> **EXTRACTED DATA**:
*-*-*

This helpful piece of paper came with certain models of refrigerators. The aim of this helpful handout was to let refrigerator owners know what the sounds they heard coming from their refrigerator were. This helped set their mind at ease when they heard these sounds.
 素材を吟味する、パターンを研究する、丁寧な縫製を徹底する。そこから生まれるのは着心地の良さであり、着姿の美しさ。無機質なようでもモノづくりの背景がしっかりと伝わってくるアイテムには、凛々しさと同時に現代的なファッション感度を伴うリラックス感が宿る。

*-*-*

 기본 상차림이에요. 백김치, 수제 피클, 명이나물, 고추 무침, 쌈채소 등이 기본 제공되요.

*-*-*

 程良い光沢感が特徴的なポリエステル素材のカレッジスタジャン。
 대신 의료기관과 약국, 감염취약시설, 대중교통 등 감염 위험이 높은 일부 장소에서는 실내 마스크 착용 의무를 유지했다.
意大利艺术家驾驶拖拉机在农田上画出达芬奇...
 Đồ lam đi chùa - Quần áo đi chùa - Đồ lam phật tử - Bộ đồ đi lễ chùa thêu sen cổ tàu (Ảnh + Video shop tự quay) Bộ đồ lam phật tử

*-*-*

Would you retype exactly the lines above, from the line with "This helpful piece" to the line with "素材を吟味する、パターンを研", with both end lines kept and nothing more?

This helpful piece of paper came with certain models of refrigerators. The aim of this helpful handout was to let refrigerator owners know what the sounds they heard coming from their refrigerator were. This helped set their mind at ease when they heard these sounds.
 素材を吟味する、パターンを研究する、丁寧な縫製を徹底する。そこから生まれるのは着心地の良さであり、着姿の美しさ。無機質なようでもモノづくりの背景がしっかりと伝わってくるアイテムには、凛々しさと同時に現代的なファッション感度を伴うリラックス感が宿る。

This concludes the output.